The MajesTEC-1 trial, an ongoing phase 1/2 study, found teclistamab was well tolerated at the recommended phase 2 dose (RP2D) with encouraging efficacy in patients with heavily pretreated relapsed or refractory (R/R) multiple myeloma (MM).

“Teclistamab is a T-cell redirecting, bispecific IgG4 antibody that targets both B-cell maturation antigen (BCMA) and CD3 receptors to induce T-cell mediated cytotoxicity of BCMA-expressing myeloma cells,” explained Philippe Moreau, MD, PhD, University Hospital Hôtel-Dieu, France, and co-investigators.

Patients enrolled to the trial were diagnosed with MM, had measurable disease, and were exposed to a proteasome inhibitor, immunomodulatory drug, and an anti-CD38 antibody.

During the phase 1 duration of the trial, the primary objectives were to identify the RP2D and to characterize safety and tolerability. In phase 2, the primary objective was to evaluate the efficacy of teclistamab and the primary endpoint was overall response rate (ORR).

A total of 159 patients received a weekly R2PD of subcutaneous teclistamab 1500 µg/kg following step-up doses of 60 and 300 µg/kg. Further, patients received a median of 5 prior lines of therapy (range: 2-15), 100% were triple-class exposed, 69% were penta-drug exposed, 77% were triple-class refractory, and 29% were penta-drug refractory.

“Efficacy data for the phase 2 study are immature. At a median follow-up of 8.2 months (range 1.2-15.2), response rates in the 40 phase 1 patients treated at RP2D were consistent with previously presented data (ORR: 65% [95% CI, 48-79]; ≥very good partial response rate: 60% [95% CI 43–75]; complete response or better rate: 40% [95% CI 25–57]),” elaborated Dr Moreau and co-authors.

The researchers found responses deepened over time and longer follow-up of responders compared with previously presented data (median follow-up of 9.5 months vs 7.1 months) remained durable.

“No additional responders had disease progression, and 85% of responders are continuing treatment, including 1 patient with 15.2 months of follow-up. Median duration of response (DOR) has not been reached. The 6-month DOR rate is 90% (95% CI, 63-97),” continued Dr Moreau and co-investigators.

Reported nonhematologic adverse events (AEs) were cytokine release syndrome (67%), injection site erythema (23%), and fatigue (22%). The most common hematologic AEs were neutropenia (53%), anemia (41%), and thrombocytopenia (33%). No deaths were reported.

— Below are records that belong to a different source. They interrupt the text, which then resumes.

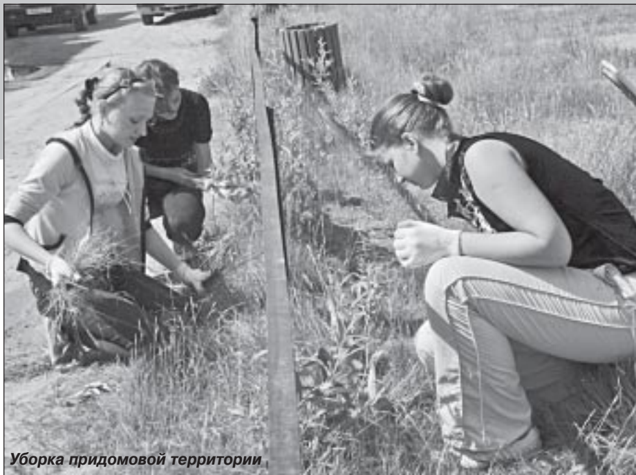
Уборка придомовой территории

В соответствии с выделенными денежными средствами «Пуровские электрические сети» выполняют работы по замене опор и проводов по улице Магистральной, заменят основание под подстанцией на улице Монтажников.
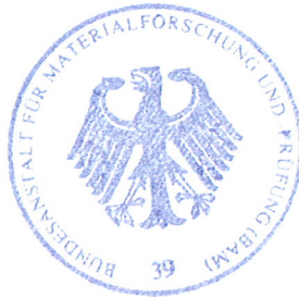
Dipl.- Ing. B.-U. Wienecke

Arbeitsgruppe Zulassung und Verwendung Im Auftrag / For
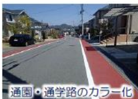
通園・通学路のカラー化
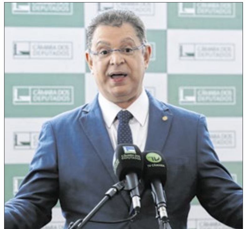
A nova fase da operação atingiu pessoas próximas a Sóstenes

Ao longo de mais de 200 anos de história, a Legião de Honra foi concedida a inúmeras personalidades excepcionais, como Louis Pasteur, cujas descobertas revolucionaram a medicina, Marie Curie, duas vezes ganhadora do Prêmio Nobel e figura de destaque da ciência, e Charles de Gaulle, artífice da Libertação e fundador da Quinta República.
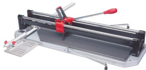
Cortadora manual. Manual cutter.
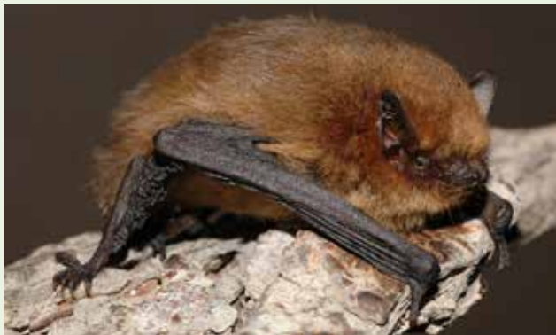
© Kleine dwergvleermuis, © Evgeniy Yakhontov - wikimedia.org

Beheer: behoud van zones met ondiep, permanent water en overgangszones naar een gevarieerde vegetatie bestaande uit grassen.
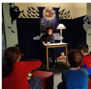
Une seconde édition pour la Nuit de la lecture (20/01)
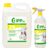
DIPP N° 29
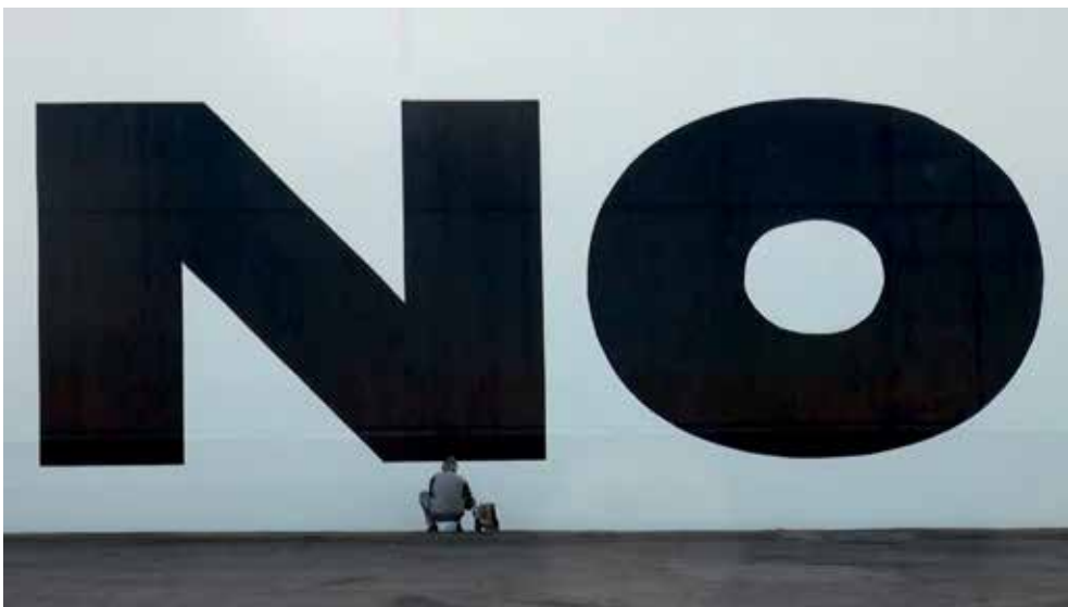
Paulien Oltheten, Meanwhile I'm doing exercise, audiovisueel werk bestaande uit 25 videofragmenten en 100 foto's, 22min35s, 2017. Collectie Nederlands Fotomuseum

Stedelijk Museum Schiedam Hoogstraat 112 | Schiedam www.stedelijkmuseumschiedam.nl
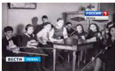
Культурная жизнь детей
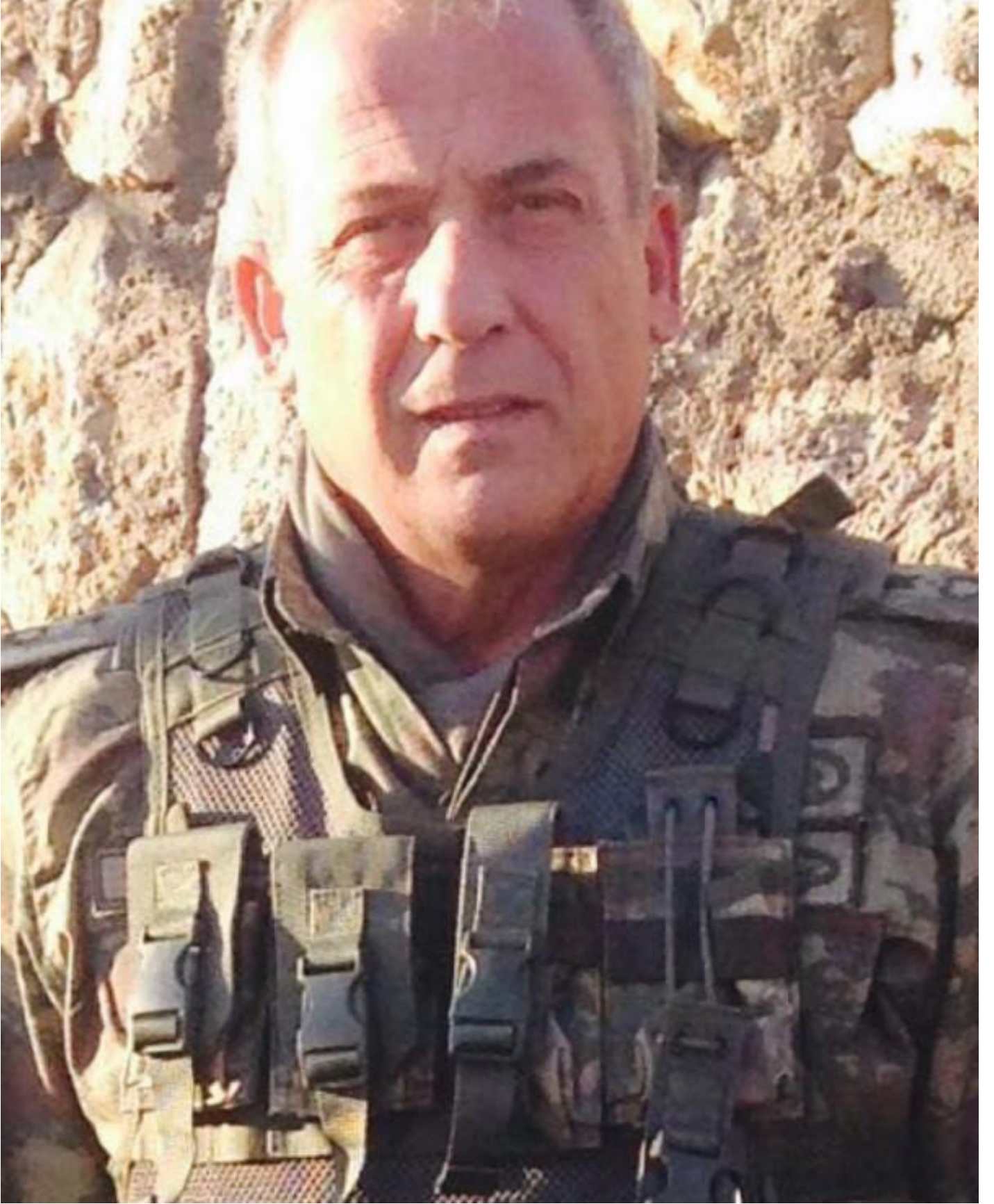
Tuğgeneral Semih Okyar
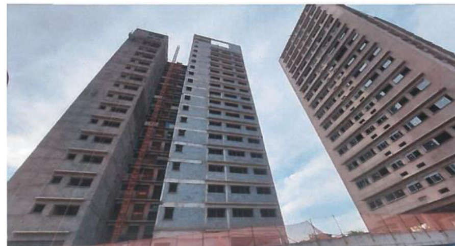
Torres A –Revestimento da Fachada – Fotos: mar./23.
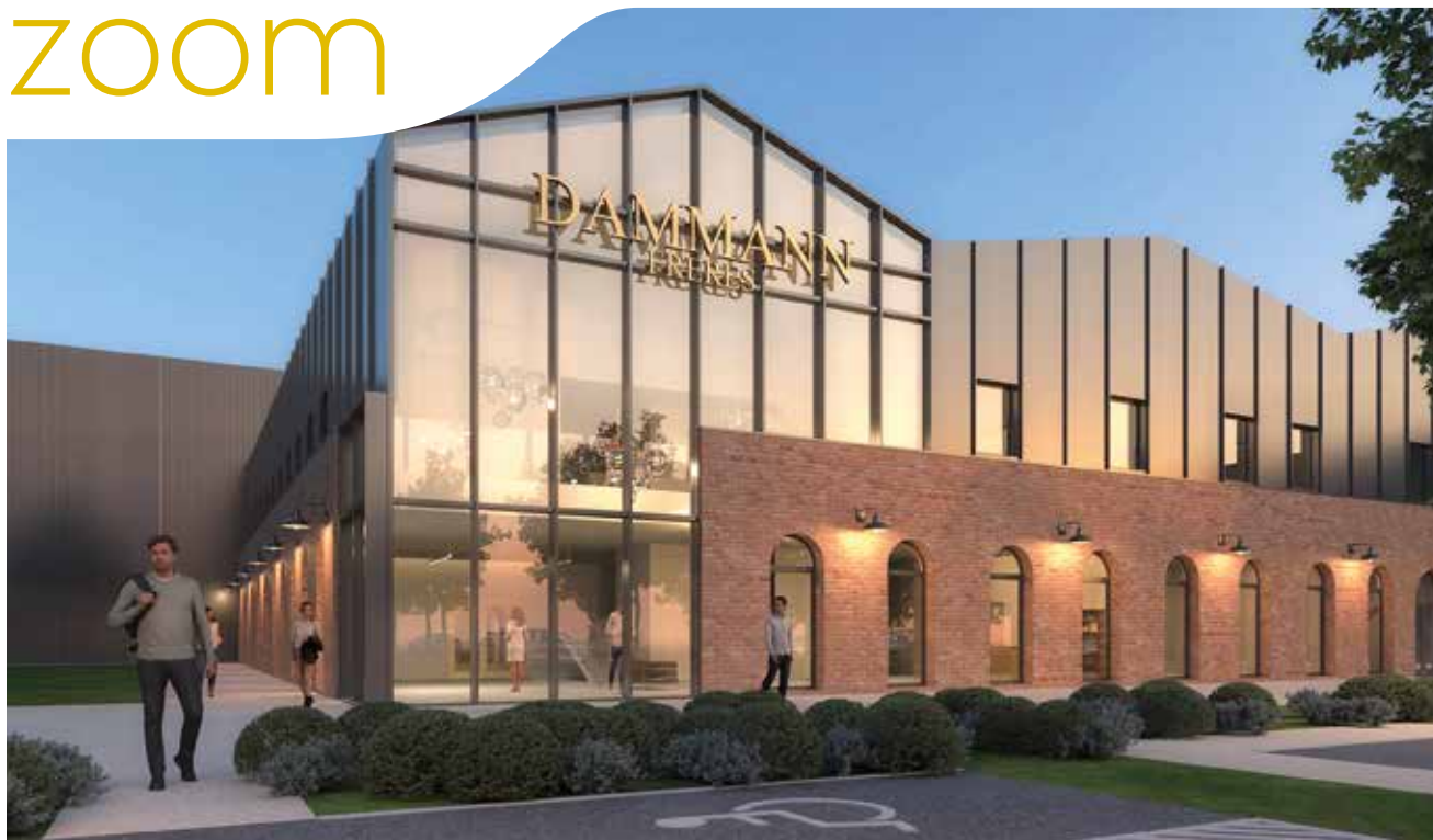
Projection du futur site Dammann © MCA Architecte
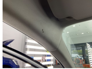
Döşemeler/Kapaklar, Tavan döşemesi > Yakıcı Madde Ile Zarar Görmüş
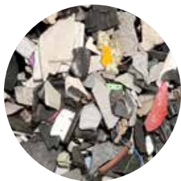
DEEE : élimination du chlore ou du plastique bromé
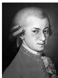
音乐神童莫扎特六岁之前 就能编曲。
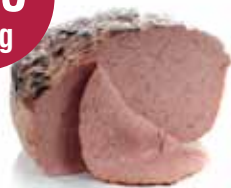
Vleesbrood gebakken 2 kg
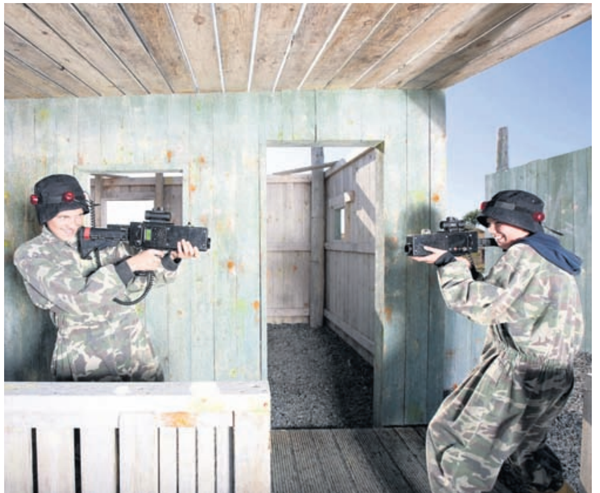
Það vilja allir standa uppi sem sigurvegarar.

Í Skemmtigarðinum er opið allan ársins hring. Allar nánari upplýsingar er að finna á www.skemmtigarður.is/grafarvogur/ eða í síma 587 4000.
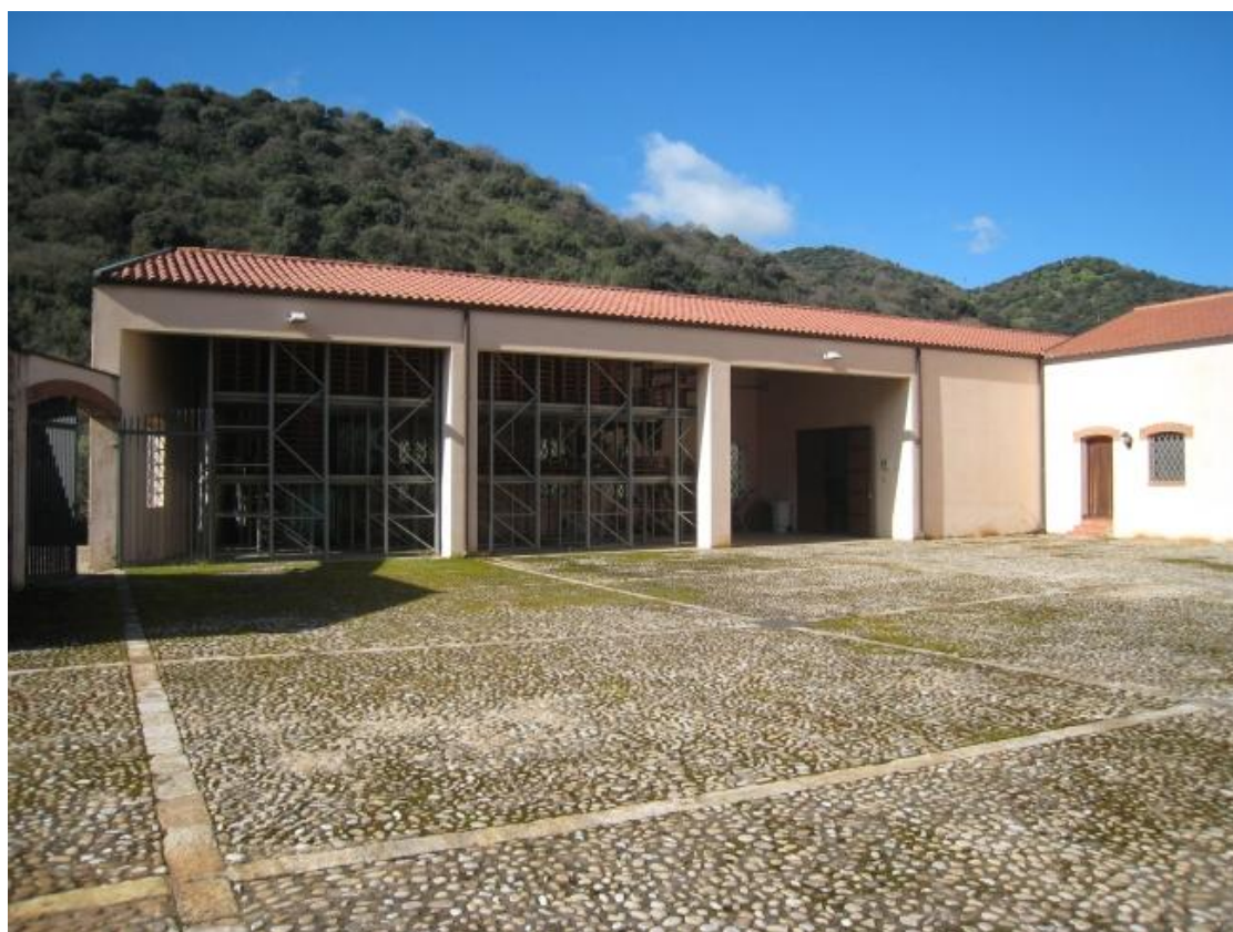
Foto n. 103. Il portico.
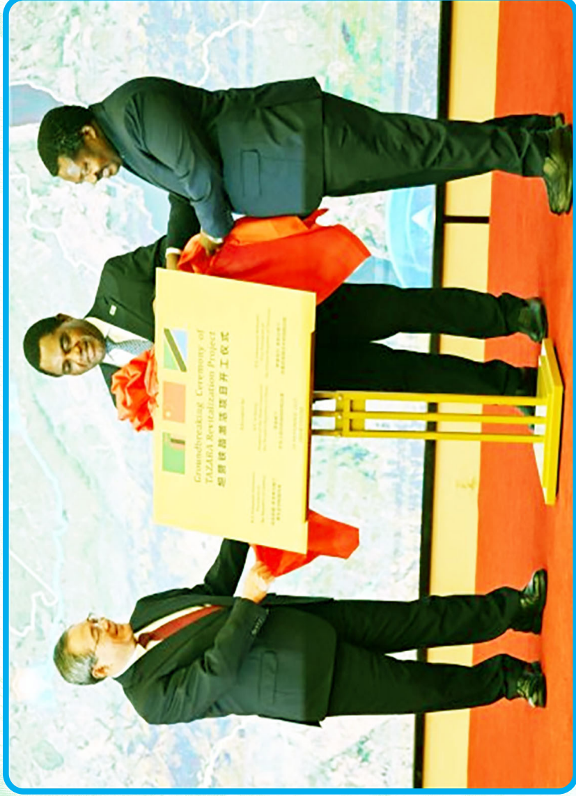
Mhe. Balozi Dkt. Emmanuel John Nchimbi, Makamu wa Rais wa Jamhuri ya Muungano wa Tanzania (kulia), Mhe. Hakainde Hichilema, Rais wa Zambia na Mhe. Li Qiang, Waziri Mkuu wa Jamhuri ya Watu wa China wakiweka jiwe la msingi la uboreshaji wa Reli ya TAZARA Jijini Lusaka, Zambia tarehe 20 Novemba, 2025.

“Evaluation of teclistamab at the RP2D in 159 patients provides robust data to support safety. Data from MajesTEC-1 continue to show that teclistamab monotherapy induces deep and durable responses in heavily pretreated patients with R/R MM with a manageable safety profile,” concluded Dr Moreau, et al. –Alexa Stoia

 

Moreau P, Usmani S, Garfall A, et al. Updated Results from MajesTEC-1: Phase ½ Study of Teclistamab, a B-Cell Maturation Antigen x CD3 Bispecific Antibody, in Relapsed/Refractory Multiple Myeloma. Presented at: the 2021 ASH Annual Meeting; Dec. 11-14; 2021; Abstract 896.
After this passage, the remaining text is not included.